_AVAILABLE DATA_.
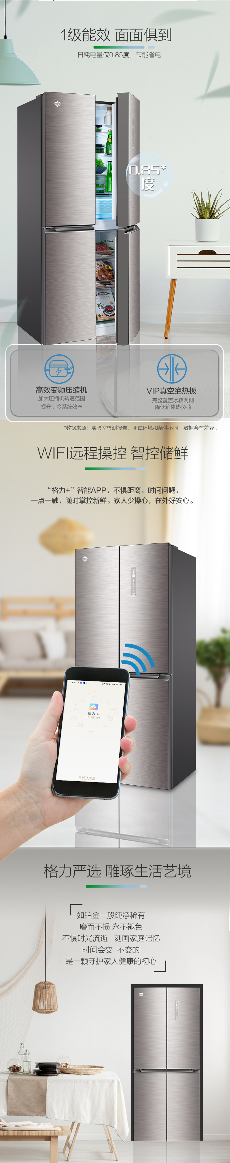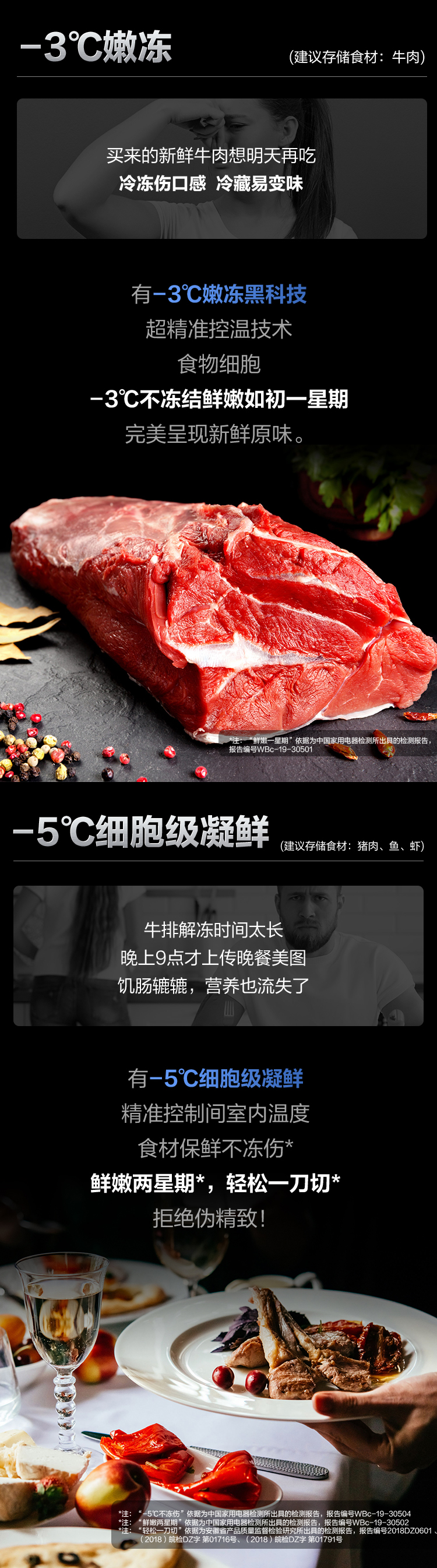 搭載-5℃嫩凍凝鮮科技,鮮嫩兩星期,輕松一刀切。Plasma等離子除菌凈味,除菌保鮮,長久新鮮。4檔保鮮模式,多重角色時(shí)刻新鮮。
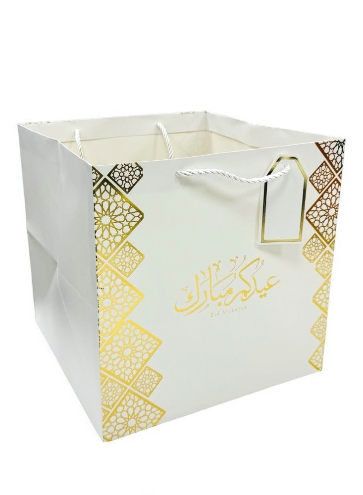 أكياس هدايا عيد مبارك مكونة من 6 قطع باللونين الأبيض والذهبي على شكل مربع
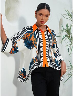 Per donna Camicia Boho Camicia in raso di seta Vacanza Casual Quotidiano Arancione Stampa Manica Lunga Bohemien Casual Quotidiano Colletto a Camicia Primavera & Autunno Interstagionale

_TO DO_.
Output the lines above in full and exactly. Leave out every picture.

_RESPONSE BOX_.
 搭載-5℃嫩凍凝鮮科技,鮮嫩兩星期,輕松一刀切。Plasma等離子除菌凈味,除菌保鮮,長久新鮮。4檔保鮮模式,多重角色時(shí)刻新鮮。
 أكياس هدايا عيد مبارك مكونة من 6 قطع باللونين الأبيض والذهبي على شكل مربع
 Per donna Camicia Boho Camicia in raso di seta Vacanza Casual Quotidiano Arancione Stampa Manica Lunga Bohemien Casual Quotidiano Colletto a Camicia Primavera & Autunno Interstagionale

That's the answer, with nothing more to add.